Data records
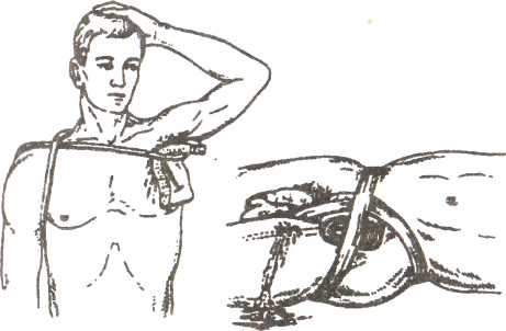Наложение жгута при кровотечении из подмышечной артерии из бедренной артерии.
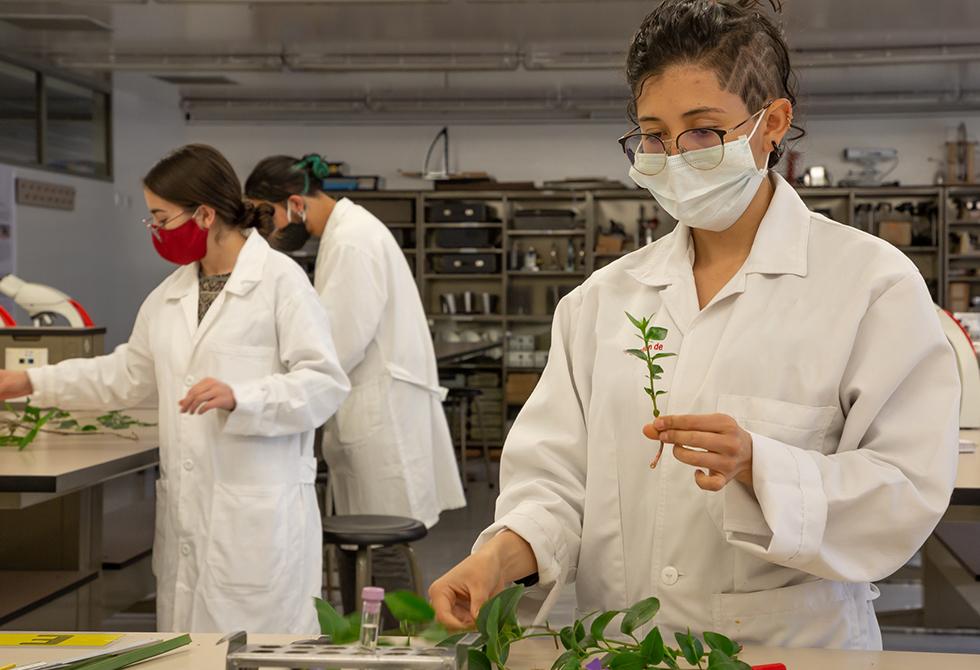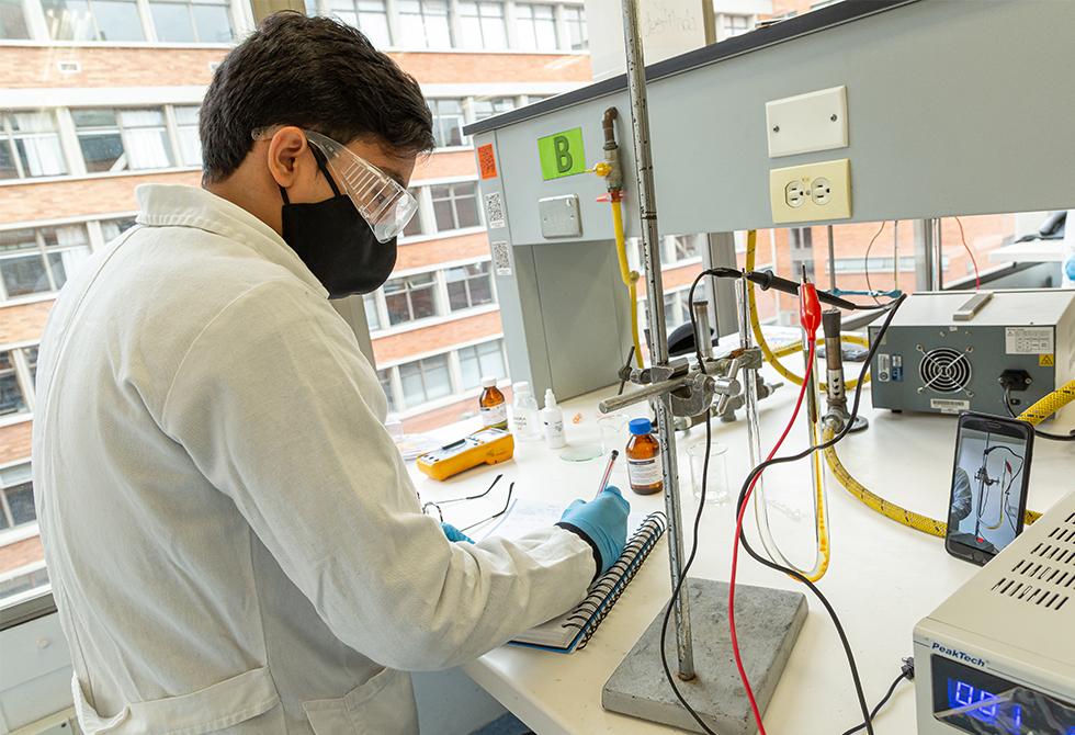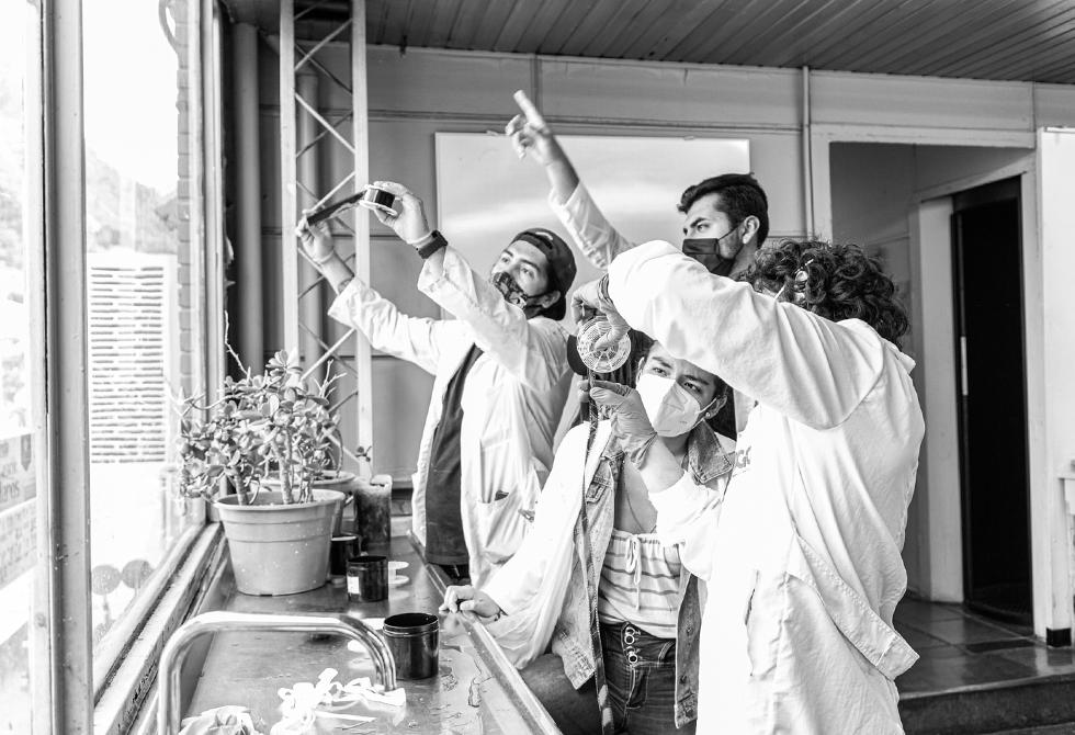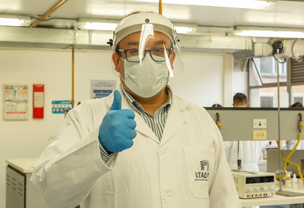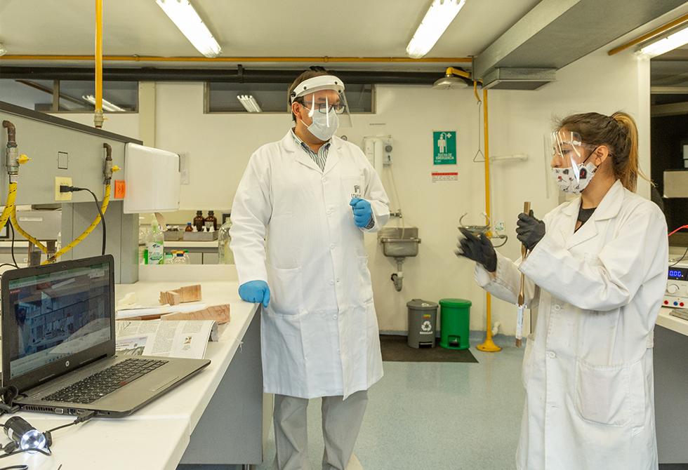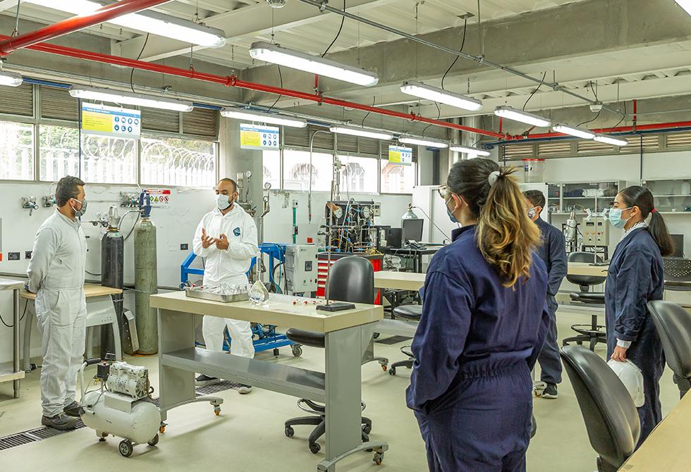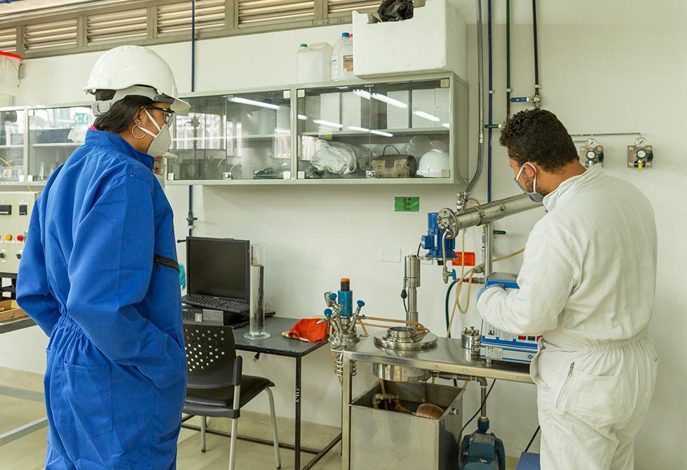 - En el laboratorio de Alta Presión y Reacciones Químicas, el profesor Franz Edwin López acompaña a sus estudiantesEl profesor Jonny Obando le explica a sus estudiantes las reacciones químicas que requieren flujo de corrienteTodas las áreas de los laboratorios están desinfectadas antes y después de cada uso. Los estudiantes deben mantener todos los elementos de bioseguridadSe realiza la medición de índice y frecuencia de estemas (estructura que indican el origen de las plantas)
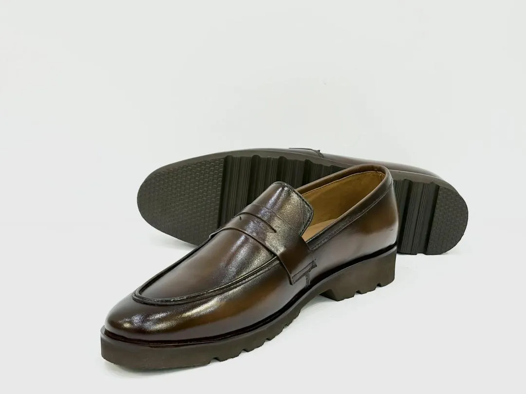 men leather loafers, casual men shoes, brown leather loafers, handcrafted footwear, men rubber sole shoes, plain design loafers, daily wear leather shoes
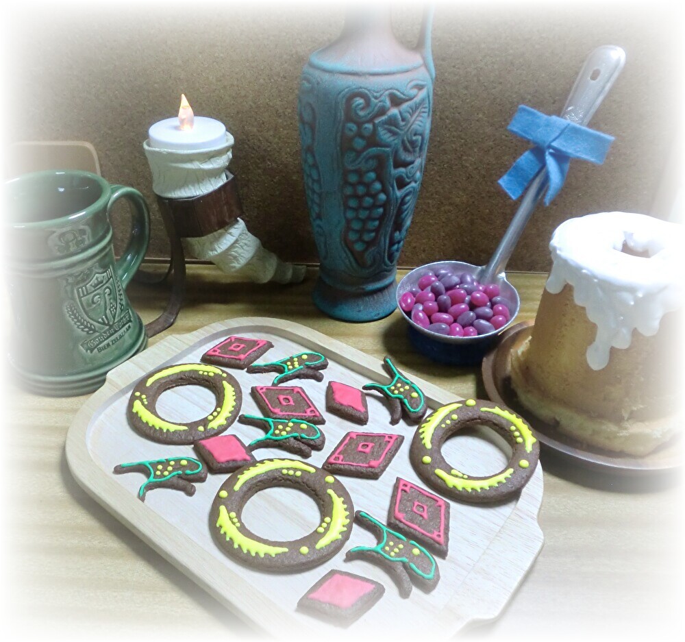 コメント:「ニュー・ライフのクッキーとエール」(グアル、インペリアルレッドダイアモンド、ウロボロス)「ニュー・ライフのひしゃく」(グミキャンディー)「スイートロール風シフォンケーキ」の再現料理
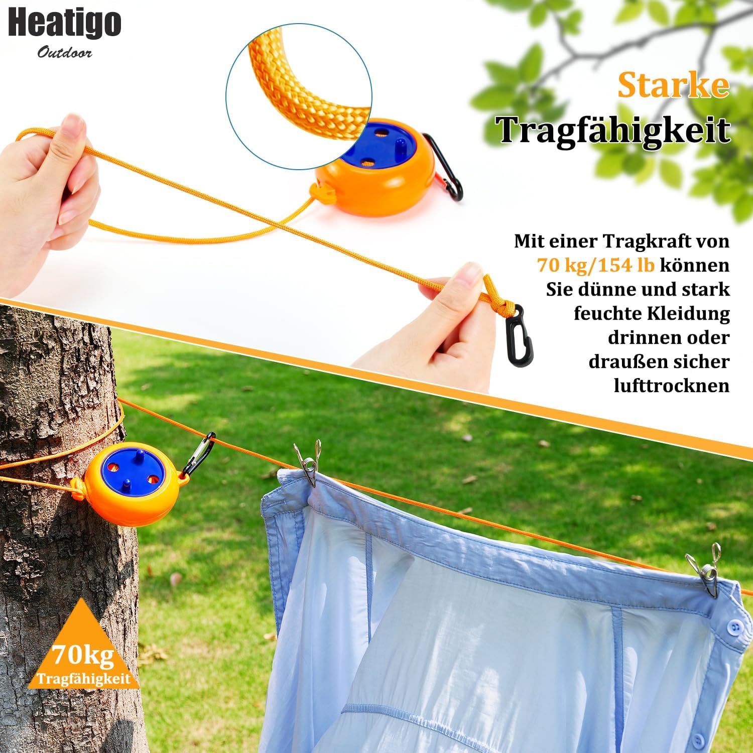 - Vielseitige Montage: Ohne aufwendige Bohrungen lässt sich die Leine zwischen festen Punkten (wie Rohren, Balken oder Geländern) spannen.
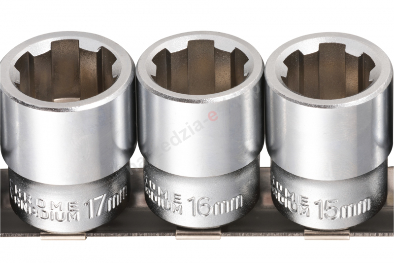 - 12 szt. nasadek 3/8" w rozmiarach: 8, 9, 10, 11, 12, 13, 14, 15, 16, 17, 18, 19mm

Task directions
Write out, word for word, the stretch of entries that begins at the line with "- En el laboratorio" and ends at the line with "men leather loafers, casual". Pictures do not belong in it.

Solution below
 - En el laboratorio de Alta Presión y Reacciones Químicas, el profesor Franz Edwin López acompaña a sus estudiantesEl profesor Jonny Obando le explica a sus estudiantes las reacciones químicas que requieren flujo de corrienteTodas las áreas de los laboratorios están desinfectadas antes y después de cada uso. Los estudiantes deben mantener todos los elementos de bioseguridadSe realiza la medición de índice y frecuencia de estemas (estructura que indican el origen de las plantas)
 men leather loafers, casual men shoes, brown leather loafers, handcrafted footwear, men rubber sole shoes, plain design loafers, daily wear leather shoes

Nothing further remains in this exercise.